Directions:
Nothing but the lines below from the one containing "Bakelieten asbak met" through the one containing "Elegancka, dopasowana bluzka" should appear in the answer, exact and without pictures.

Task material:
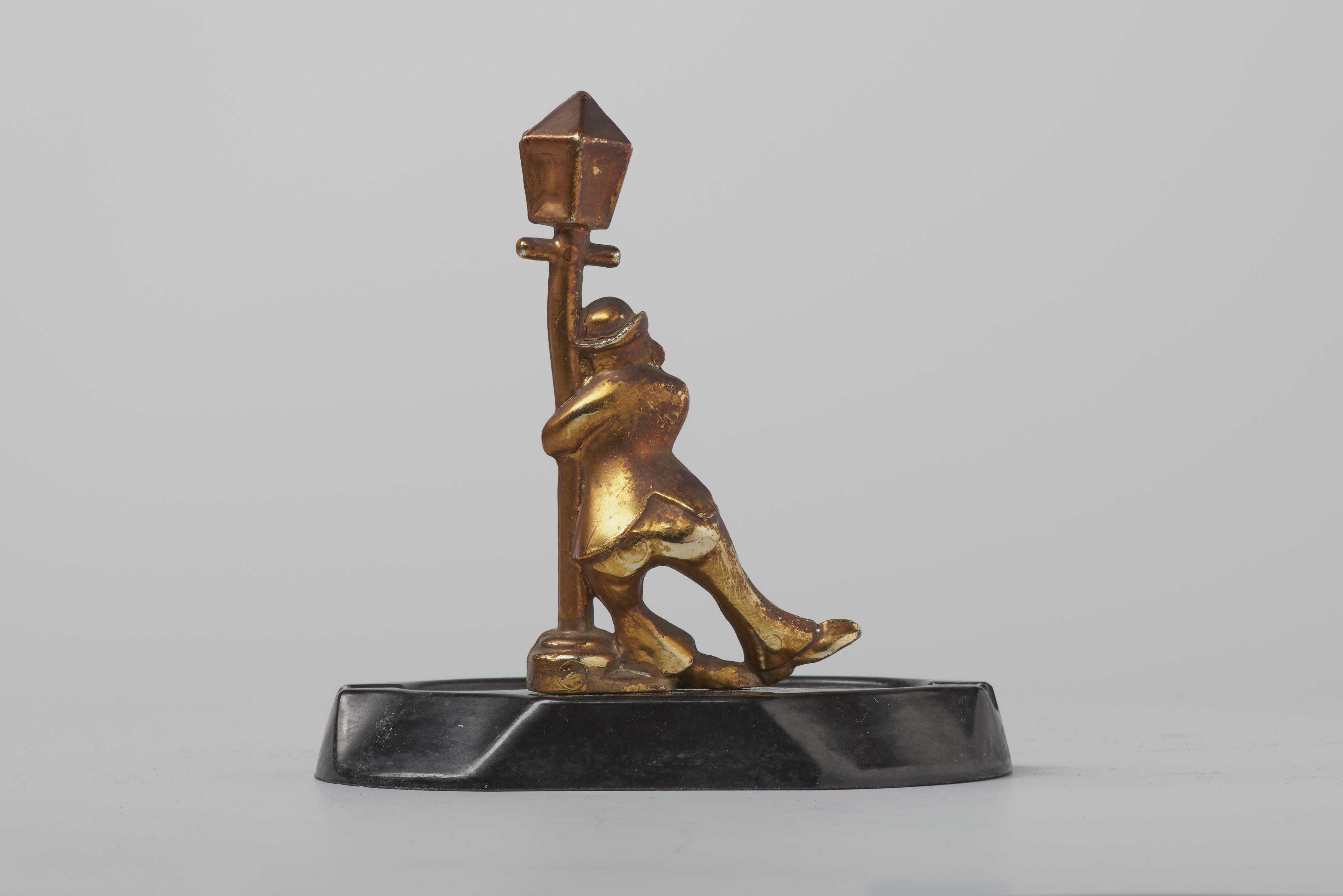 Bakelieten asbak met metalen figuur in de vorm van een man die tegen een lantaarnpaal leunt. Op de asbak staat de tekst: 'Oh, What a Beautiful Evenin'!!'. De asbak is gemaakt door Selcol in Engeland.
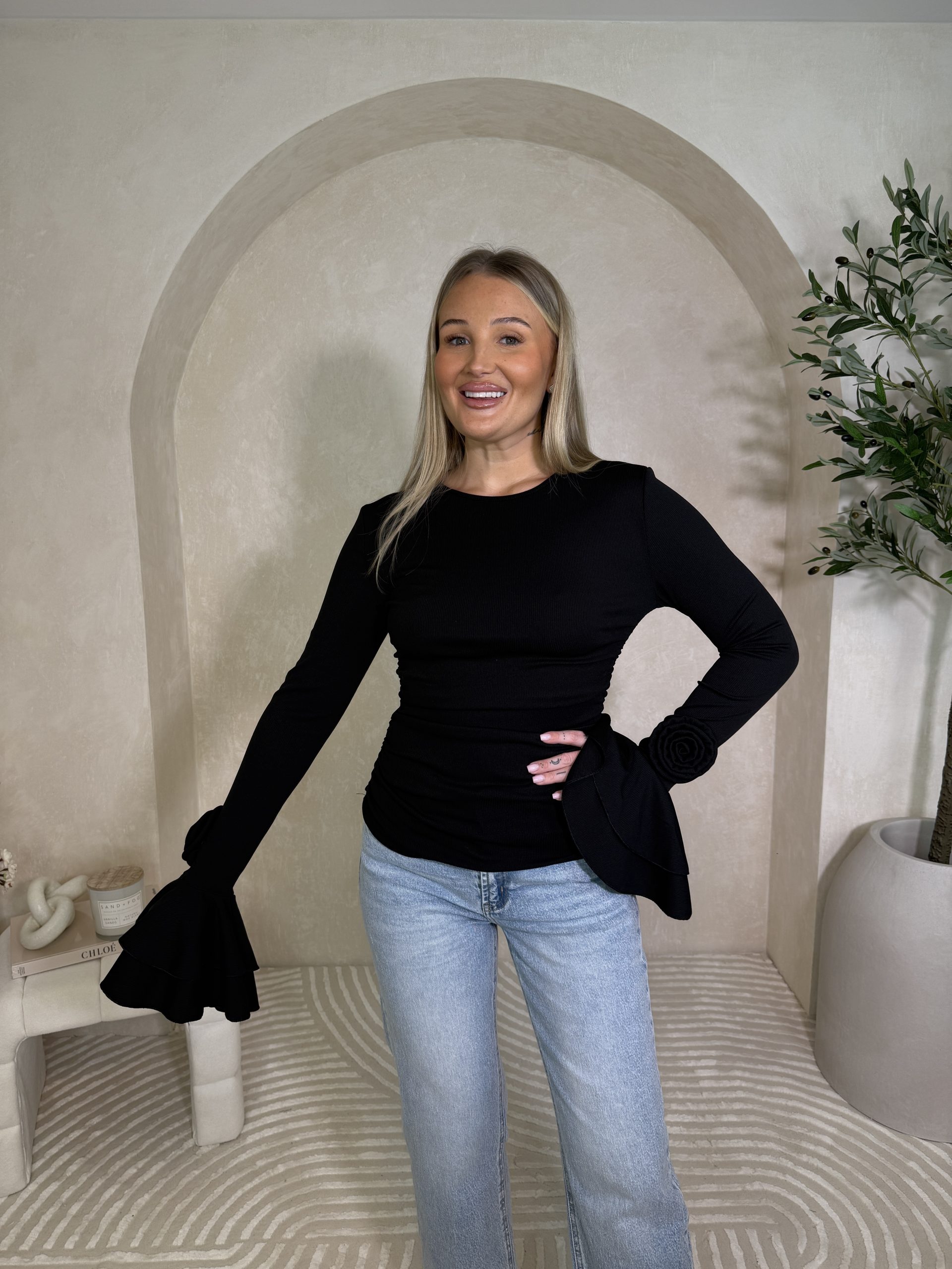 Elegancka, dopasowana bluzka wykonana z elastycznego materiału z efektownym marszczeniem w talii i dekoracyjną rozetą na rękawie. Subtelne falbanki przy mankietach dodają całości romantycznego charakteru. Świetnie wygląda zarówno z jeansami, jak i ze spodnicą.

==

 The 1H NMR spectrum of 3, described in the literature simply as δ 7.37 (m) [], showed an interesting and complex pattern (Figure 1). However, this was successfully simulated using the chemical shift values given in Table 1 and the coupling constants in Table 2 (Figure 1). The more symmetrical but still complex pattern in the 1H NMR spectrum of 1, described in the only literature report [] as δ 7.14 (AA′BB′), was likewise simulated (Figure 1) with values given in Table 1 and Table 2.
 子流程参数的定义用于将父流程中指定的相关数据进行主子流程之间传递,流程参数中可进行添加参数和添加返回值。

Response area:
 Bakelieten asbak met metalen figuur in de vorm van een man die tegen een lantaarnpaal leunt. Op de asbak staat de tekst: 'Oh, What a Beautiful Evenin'!!'. De asbak is gemaakt door Selcol in Engeland.
 Elegancka, dopasowana bluzka wykonana z elastycznego materiału z efektownym marszczeniem w talii i dekoracyjną rozetą na rękawie. Subtelne falbanki przy mankietach dodają całości romantycznego charakteru. Świetnie wygląda zarówno z jeansami, jak i ze spodnicą.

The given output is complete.